Please correct me with the whole sump/overflow/wetdry/drilling...

thanks


----------



## Ægir (Jan 21, 2006)

moron said:


> Thanks for the reply.
> 
> Umm so far I'm thinking of ordering an acrylic tank from glasscages with the dimensions 36x18x20. This tank will come with a back background, will be eurobraced, and will have an overflow.
> 
> ...


The dimensions of that tank are good... Euro braced means the top bracing is like the picture above, not a piece of black plastic trim like glass tanks... typically euro braced tanks dont have the center brace. The tank pictured above has 2 corner overflows (each with one drain and one return drilled in the bottom prob)

As for the sump... NO you will not have a HANG OVER overflow box, because you overflows are ALREADY in the pictured tank above. The holes are drilled in the bottom of the tank inside the black boxes. The water flows OVER the top of the black box (pump on) and then down the drain line to the sump. Internal overflows are much "safer" than hang on.

YOU CAN USE any aquarium for a sump... you dont need to buy a sump, save the money and DIY some baffles inside. All of your equipment (skimmer, return pump, heaters etc) goes inside the sump, to be hidden inside the stand.

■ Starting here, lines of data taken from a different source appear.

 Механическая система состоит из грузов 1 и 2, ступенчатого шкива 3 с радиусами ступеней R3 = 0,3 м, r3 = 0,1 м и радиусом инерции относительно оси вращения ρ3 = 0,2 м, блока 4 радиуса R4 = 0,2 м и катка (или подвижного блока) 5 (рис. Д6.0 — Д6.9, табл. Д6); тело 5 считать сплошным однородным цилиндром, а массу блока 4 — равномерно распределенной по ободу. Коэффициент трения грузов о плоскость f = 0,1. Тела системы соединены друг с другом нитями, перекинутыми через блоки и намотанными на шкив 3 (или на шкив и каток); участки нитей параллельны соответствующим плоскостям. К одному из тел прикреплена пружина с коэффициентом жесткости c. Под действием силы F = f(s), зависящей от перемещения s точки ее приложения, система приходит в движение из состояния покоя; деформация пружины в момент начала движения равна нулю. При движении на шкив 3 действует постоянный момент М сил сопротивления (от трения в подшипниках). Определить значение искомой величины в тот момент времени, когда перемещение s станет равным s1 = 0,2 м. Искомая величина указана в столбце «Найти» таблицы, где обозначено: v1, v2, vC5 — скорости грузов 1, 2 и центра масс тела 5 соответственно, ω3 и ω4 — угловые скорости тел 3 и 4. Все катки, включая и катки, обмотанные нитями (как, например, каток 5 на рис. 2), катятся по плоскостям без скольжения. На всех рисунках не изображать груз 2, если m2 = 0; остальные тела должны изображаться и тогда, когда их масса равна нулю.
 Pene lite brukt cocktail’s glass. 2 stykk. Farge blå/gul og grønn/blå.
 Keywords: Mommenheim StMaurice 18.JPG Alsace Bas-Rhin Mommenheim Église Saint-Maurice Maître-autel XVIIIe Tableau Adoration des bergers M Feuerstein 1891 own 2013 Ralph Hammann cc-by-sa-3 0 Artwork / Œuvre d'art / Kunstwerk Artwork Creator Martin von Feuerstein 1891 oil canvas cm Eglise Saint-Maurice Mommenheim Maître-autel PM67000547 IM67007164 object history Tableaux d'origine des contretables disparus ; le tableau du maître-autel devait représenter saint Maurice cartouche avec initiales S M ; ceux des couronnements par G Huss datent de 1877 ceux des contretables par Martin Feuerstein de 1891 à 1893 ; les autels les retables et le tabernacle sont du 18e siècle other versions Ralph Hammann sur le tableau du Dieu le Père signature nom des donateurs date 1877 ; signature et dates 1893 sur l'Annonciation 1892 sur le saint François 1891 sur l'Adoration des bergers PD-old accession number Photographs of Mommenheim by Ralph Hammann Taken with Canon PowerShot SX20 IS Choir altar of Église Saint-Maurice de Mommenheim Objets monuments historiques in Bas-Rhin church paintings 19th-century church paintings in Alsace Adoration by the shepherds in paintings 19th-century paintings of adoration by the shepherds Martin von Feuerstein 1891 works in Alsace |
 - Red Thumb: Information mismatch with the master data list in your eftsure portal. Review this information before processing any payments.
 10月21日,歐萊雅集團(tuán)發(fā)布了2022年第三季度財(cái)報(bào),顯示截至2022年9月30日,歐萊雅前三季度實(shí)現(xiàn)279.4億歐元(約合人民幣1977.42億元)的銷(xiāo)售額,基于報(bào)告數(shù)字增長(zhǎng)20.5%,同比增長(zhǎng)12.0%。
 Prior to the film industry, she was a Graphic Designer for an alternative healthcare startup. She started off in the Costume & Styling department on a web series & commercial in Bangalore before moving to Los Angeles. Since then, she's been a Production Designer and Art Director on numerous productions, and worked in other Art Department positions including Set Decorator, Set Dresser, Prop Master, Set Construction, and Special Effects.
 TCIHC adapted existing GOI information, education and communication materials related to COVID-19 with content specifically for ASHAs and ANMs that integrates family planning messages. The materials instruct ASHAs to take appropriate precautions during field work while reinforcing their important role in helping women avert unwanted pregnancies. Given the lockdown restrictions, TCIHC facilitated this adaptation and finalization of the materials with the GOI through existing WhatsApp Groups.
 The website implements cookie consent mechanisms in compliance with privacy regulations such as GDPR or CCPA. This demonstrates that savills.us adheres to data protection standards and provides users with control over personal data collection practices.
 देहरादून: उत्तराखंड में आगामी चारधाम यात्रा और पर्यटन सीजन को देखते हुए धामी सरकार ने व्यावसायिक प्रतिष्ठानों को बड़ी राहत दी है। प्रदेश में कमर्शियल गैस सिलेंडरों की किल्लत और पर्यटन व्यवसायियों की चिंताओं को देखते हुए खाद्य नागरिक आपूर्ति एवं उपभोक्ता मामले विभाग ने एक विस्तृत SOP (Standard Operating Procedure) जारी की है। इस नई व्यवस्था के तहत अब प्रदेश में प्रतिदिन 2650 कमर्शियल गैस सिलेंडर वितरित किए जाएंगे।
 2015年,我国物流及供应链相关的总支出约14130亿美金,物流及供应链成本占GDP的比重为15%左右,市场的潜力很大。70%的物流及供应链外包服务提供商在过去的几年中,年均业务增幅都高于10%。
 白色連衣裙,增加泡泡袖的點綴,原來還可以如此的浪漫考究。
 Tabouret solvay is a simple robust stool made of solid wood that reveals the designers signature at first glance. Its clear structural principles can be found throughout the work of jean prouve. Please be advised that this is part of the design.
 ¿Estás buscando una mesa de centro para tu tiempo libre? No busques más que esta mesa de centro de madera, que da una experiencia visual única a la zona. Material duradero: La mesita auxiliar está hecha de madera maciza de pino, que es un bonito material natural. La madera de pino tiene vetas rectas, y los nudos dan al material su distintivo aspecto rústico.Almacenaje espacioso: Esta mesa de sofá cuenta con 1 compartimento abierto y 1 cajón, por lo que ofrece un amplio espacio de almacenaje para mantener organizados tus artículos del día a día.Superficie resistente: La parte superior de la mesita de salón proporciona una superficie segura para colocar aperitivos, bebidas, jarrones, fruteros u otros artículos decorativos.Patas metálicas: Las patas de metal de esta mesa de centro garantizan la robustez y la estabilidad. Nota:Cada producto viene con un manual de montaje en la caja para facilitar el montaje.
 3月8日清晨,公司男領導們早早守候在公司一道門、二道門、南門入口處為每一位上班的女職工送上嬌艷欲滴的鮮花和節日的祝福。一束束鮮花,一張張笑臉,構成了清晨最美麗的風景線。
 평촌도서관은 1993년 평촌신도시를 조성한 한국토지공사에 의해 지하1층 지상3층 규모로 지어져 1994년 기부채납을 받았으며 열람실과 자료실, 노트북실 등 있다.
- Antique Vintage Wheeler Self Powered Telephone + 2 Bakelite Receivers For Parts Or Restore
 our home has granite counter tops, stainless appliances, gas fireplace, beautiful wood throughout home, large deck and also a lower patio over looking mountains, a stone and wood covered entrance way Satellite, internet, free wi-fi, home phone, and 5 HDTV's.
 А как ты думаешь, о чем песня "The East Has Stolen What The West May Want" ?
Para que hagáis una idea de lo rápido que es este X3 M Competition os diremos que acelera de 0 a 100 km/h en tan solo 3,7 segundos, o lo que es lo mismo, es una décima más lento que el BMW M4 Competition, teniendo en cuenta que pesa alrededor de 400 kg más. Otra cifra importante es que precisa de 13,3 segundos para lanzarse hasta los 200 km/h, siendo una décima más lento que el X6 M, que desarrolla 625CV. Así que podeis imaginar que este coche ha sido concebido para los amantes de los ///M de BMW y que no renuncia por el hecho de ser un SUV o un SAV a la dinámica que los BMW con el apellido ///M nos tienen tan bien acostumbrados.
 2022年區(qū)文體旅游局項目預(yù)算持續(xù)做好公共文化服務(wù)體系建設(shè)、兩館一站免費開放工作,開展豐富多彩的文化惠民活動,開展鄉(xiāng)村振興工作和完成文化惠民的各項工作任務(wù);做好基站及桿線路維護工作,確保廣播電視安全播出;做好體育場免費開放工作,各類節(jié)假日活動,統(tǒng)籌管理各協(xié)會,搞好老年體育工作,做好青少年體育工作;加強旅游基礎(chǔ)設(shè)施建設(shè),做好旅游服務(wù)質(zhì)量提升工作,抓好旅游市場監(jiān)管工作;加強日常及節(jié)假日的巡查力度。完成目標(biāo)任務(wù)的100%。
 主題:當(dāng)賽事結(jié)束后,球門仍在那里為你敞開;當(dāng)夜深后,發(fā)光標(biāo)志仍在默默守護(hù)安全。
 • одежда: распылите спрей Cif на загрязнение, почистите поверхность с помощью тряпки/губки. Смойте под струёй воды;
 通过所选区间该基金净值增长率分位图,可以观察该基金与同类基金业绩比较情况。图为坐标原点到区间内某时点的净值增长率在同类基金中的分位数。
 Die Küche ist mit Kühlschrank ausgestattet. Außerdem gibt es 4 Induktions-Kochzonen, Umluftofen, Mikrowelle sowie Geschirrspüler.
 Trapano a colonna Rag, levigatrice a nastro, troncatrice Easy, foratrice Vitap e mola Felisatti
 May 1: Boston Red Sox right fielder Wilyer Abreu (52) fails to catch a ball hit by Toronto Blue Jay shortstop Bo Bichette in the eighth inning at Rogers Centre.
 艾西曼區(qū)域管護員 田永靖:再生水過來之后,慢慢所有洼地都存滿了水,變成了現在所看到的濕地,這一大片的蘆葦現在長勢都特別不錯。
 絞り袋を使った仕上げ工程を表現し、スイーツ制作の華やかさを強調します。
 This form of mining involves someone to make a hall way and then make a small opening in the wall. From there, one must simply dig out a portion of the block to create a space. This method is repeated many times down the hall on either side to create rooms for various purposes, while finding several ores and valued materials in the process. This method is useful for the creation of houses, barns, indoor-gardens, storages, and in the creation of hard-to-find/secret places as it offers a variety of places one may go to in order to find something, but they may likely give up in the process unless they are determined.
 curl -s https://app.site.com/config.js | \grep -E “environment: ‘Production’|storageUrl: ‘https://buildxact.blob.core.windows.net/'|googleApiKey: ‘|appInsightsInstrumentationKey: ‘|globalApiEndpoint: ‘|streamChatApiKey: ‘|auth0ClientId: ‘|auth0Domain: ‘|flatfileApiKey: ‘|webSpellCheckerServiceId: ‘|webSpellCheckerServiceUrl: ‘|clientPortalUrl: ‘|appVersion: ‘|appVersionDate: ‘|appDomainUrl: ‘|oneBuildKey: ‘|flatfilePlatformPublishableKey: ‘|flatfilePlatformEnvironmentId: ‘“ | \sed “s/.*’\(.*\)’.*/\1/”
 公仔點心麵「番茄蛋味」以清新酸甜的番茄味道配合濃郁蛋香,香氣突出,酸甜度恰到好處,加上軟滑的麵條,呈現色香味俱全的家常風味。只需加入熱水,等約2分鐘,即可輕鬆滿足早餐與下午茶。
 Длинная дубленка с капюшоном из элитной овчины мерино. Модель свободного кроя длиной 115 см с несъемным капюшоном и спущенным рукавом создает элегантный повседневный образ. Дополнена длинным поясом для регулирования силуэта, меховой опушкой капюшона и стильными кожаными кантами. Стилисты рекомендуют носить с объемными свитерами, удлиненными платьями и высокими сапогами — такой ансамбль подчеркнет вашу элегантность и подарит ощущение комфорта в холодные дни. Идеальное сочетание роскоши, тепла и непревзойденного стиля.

Click here for a diagram of how a sump works


----------



## moron (May 26, 2006)

Thanks for the info. I'll see what will happen next..


----------



## xeloR (Jan 2, 2009)

i always like to drop into the salt-water threads. so much good info


----------



## CLUSTER ONE (Aug 2, 2006)

moron said:


> Thanks for the reply.
> 
> Umm so far I'm thinking of ordering an acrylic tank from glasscages with the dimensions 36x18x20. This tank will come with a back background, will be eurobraced, and will have an overflow.
> 
> ...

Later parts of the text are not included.